Regular exercise can lower triglycerides and boost "good" cholesterol.
Take a brisk daily walk, swim laps or join an exercise group.
I had recently tested my blood for sugar levels, liver and kidney functions. Please note, my father at present too has a high uric acid levels.
The results have shown that the uric acid level is 7.1mg per dl. Please advise on this and let me what foods are good to lower the levels. ** Both the problems of hyperuricemia and hyperlipidemia can be controlled to major extent by diet.
Remember excess oil, even if it is from plants is not good for health.
Avoid meats such as liver, kidney and sweetbreads, which have high purine levels and contribute to high blood levels of uric acid.

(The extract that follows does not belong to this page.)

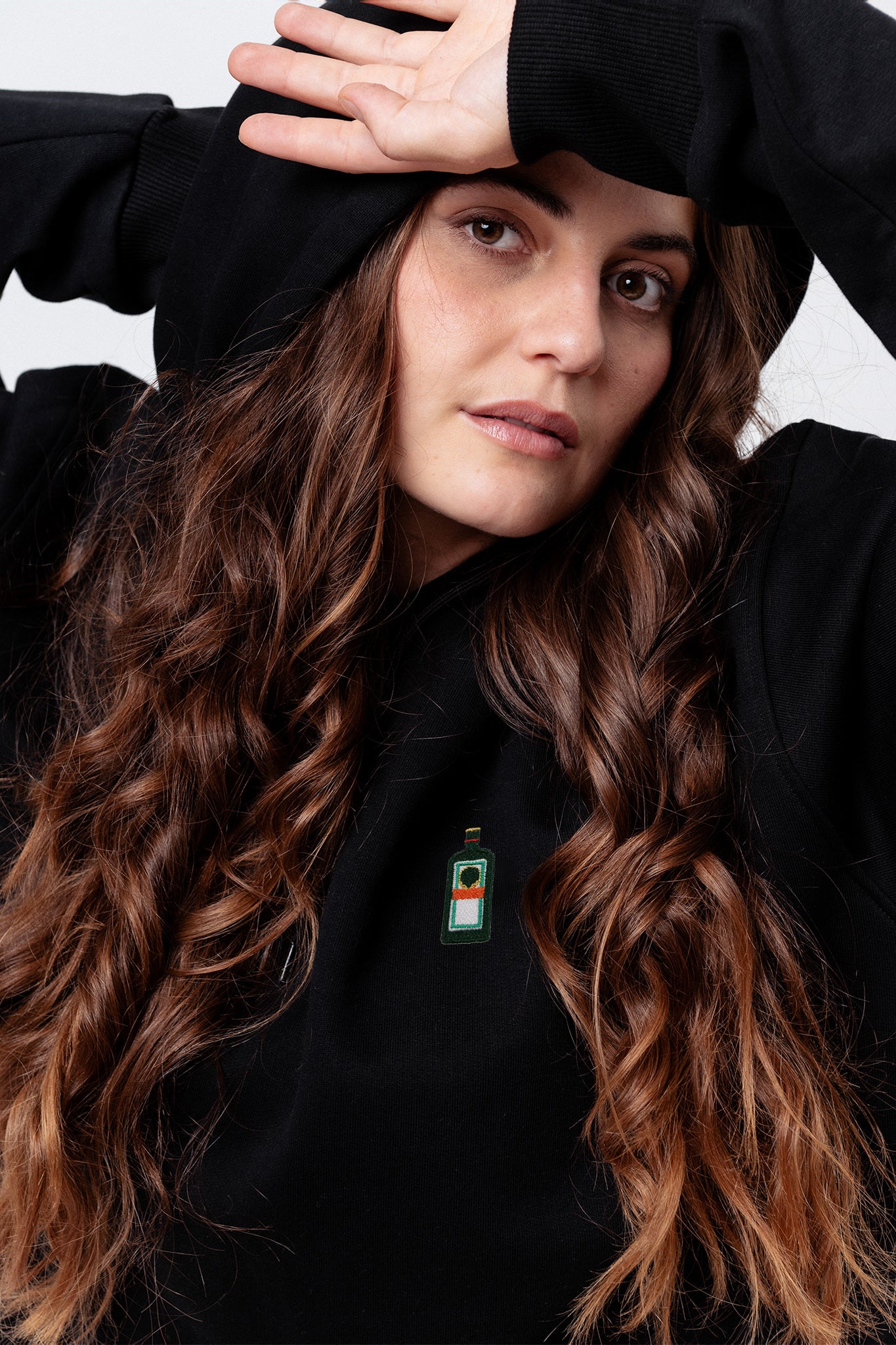 Super hochwertiger Bio Baumwoll Unisex Hoodie mit schwerem Stoff (350gsm) und der offiziellen gestickten Jägermeister Flasche

Reducing calories and regular exercises help in reducing body weight.• Limit the calories: Extra calories are converted to triglycerides and stored as fat. One should know the calorie needs of his body and should try to restrict the calorie intake to it, at least roughly.• Avoid sugary and refined foods: Simple carbohydrates, such as sugar and foods made with white flour can increase triglycerides.Uric acid comes from the breakdown of purines, naturally-occurring chemicals that are found in both our diets and our bodies.Foods and drinks that contribute most to hyperuricemia and gout include: red meat, organ meat, seafood, beer, liquor, and sugar-sweetened items, especially with high fructose syrup.High triglycerides are often a sign of other conditions that increase the risk of heart disease and stroke as well, including obesity and metabolic syndrome — a group of conditions that includes too much fat around the waist, high blood pressure, high triglycerides, high blood sugar and abnormal cholesterol levels.Sometimes high triglycerides are a sign of poorly controlled type 2 diabetes, low levels of thyroid hormones (hypothyroidism), liver or kidney disease, or rare genetic conditions that affect how the body converts fat to energy.